> **About this exercise**
Copy each line below word for word and drop every image.

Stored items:
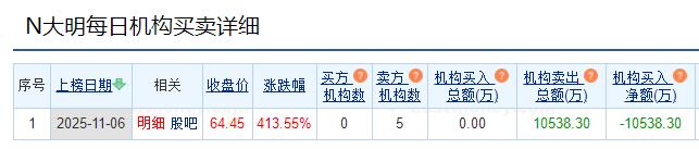 中国经济网北京11月6日讯:大明电子(603376.sh)今日在上交所主板挂牌上市。收盘报64.45元,涨幅413.55%,总市值257.8亿元。龙虎榜数据显示,德赛电子销量前五名的企业中,有5家机构独占席位。据统计,德赛电子今日卖出的机构席位净值为10538.3万元。
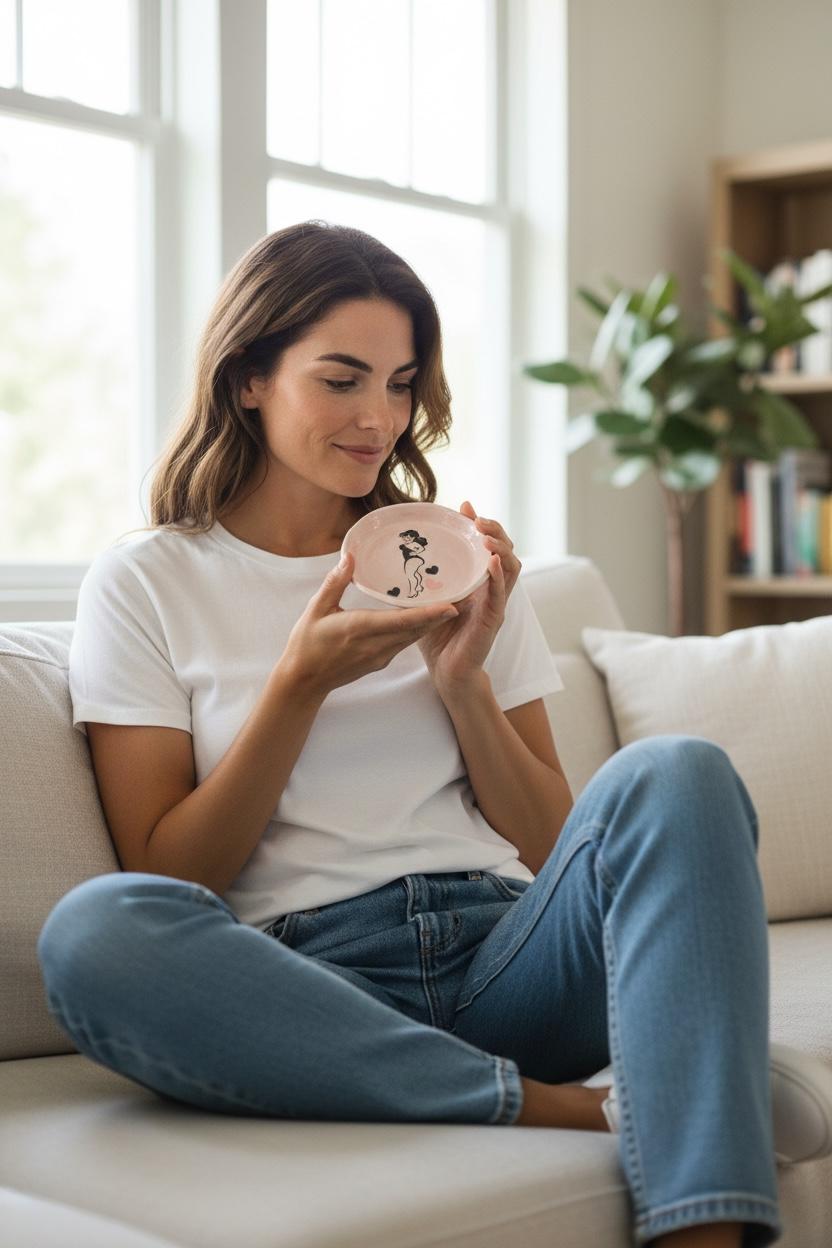 Dimensions & Features ✔ Handbuilt from white stoneware ✔ Pink glaze with retro pin-up and heart details ✔ Perfectly imperfect organic rim ✔ Approx. 4” diameter ✔ Ideal for jewelry, keys, coins, or bedside catch-all use ✔ Food safe; microwave & dishwasher safe (hand washing recommended)
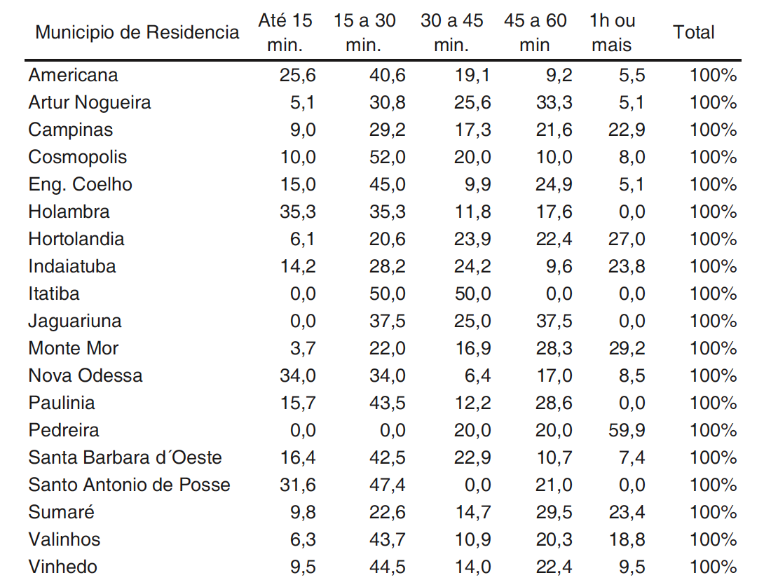 Nota-se, em linhas gerais, que a viagem dura até 45 minutos para a maior parte dessa população (cerca de 60%). Contudo, também percebe-se importantes diferenças na duração da viagem quando são observados os municípios de residência. No caso daqueles de onde partem os maiores fluxos, com destino em Campinas, ou seja, Hortolândia e Sumaré, há uma proporção elevada de pessoas (quase 50%) cujo deslocamento demanda mais de 45 minutos, o que leva a crer, se considerarmos que o mesmo tempo é gasto na viagem de retorno ao município de moradia, o tempo de deslocamento total possui um impacto significativo no tempo livre dessas pessoas. Com relação ao município de Santa Bárbara d’Oeste, a proporção de pessoas que gasta mais de 45 minutos se deslocando é bem menor, dada a proximidade com o município de Americana, que é para onde se destina majoritariamente o fluxo pendular.
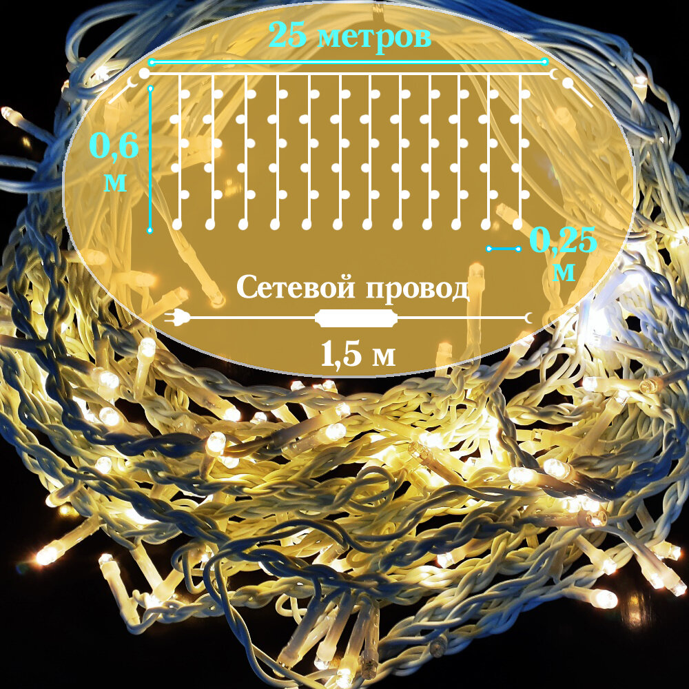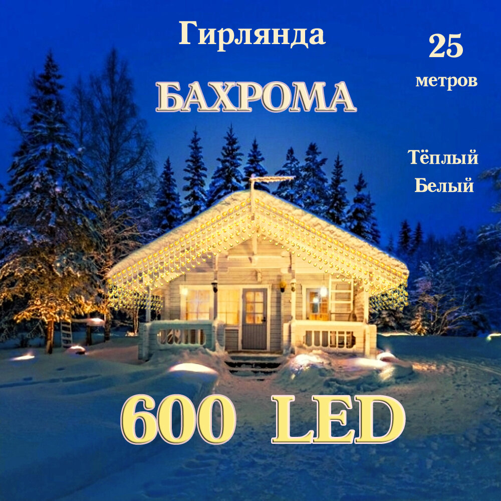Уличная светодиодная бахрома 25х0,6 метра, теплая белая интересное:
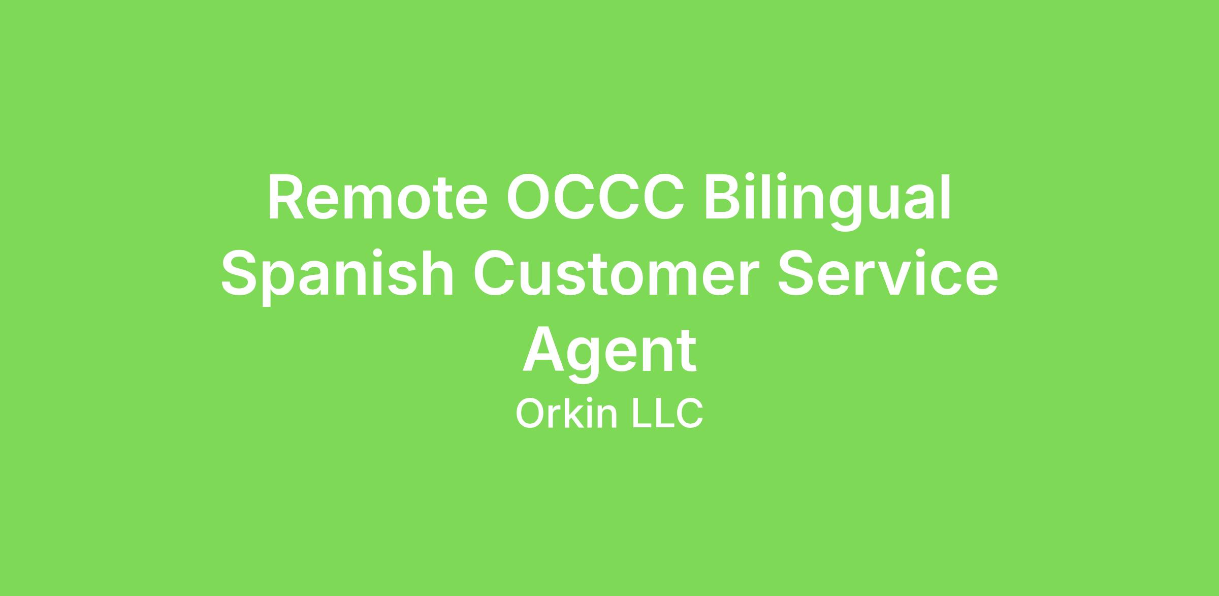We are seeking talented SPANISH BILINGUAL PROFESSIONALS for our remote Orkin Customer Contact Center. Must have the ability to work a flexible schedule, including days, evenings, weekends, and/or holidays to ensure we have consistent support for our customers.

> **Result for this exercise**
 中国经济网北京11月6日讯:大明电子(603376.sh)今日在上交所主板挂牌上市。收盘报64.45元,涨幅413.55%,总市值257.8亿元。龙虎榜数据显示,德赛电子销量前五名的企业中,有5家机构独占席位。据统计,德赛电子今日卖出的机构席位净值为10538.3万元。
 Dimensions & Features ✔ Handbuilt from white stoneware ✔ Pink glaze with retro pin-up and heart details ✔ Perfectly imperfect organic rim ✔ Approx. 4” diameter ✔ Ideal for jewelry, keys, coins, or bedside catch-all use ✔ Food safe; microwave & dishwasher safe (hand washing recommended)
 Nota-se, em linhas gerais, que a viagem dura até 45 minutos para a maior parte dessa população (cerca de 60%). Contudo, também percebe-se importantes diferenças na duração da viagem quando são observados os municípios de residência. No caso daqueles de onde partem os maiores fluxos, com destino em Campinas, ou seja, Hortolândia e Sumaré, há uma proporção elevada de pessoas (quase 50%) cujo deslocamento demanda mais de 45 minutos, o que leva a crer, se considerarmos que o mesmo tempo é gasto na viagem de retorno ao município de moradia, o tempo de deslocamento total possui um impacto significativo no tempo livre dessas pessoas. Com relação ao município de Santa Bárbara d’Oeste, a proporção de pessoas que gasta mais de 45 minutos se deslocando é bem menor, dada a proximidade com o município de Americana, que é para onde se destina majoritariamente o fluxo pendular.
Уличная светодиодная бахрома 25х0,6 метра, теплая белая интересное:
We are seeking talented SPANISH BILINGUAL PROFESSIONALS for our remote Orkin Customer Contact Center. Must have the ability to work a flexible schedule, including days, evenings, weekends, and/or holidays to ensure we have consistent support for our customers.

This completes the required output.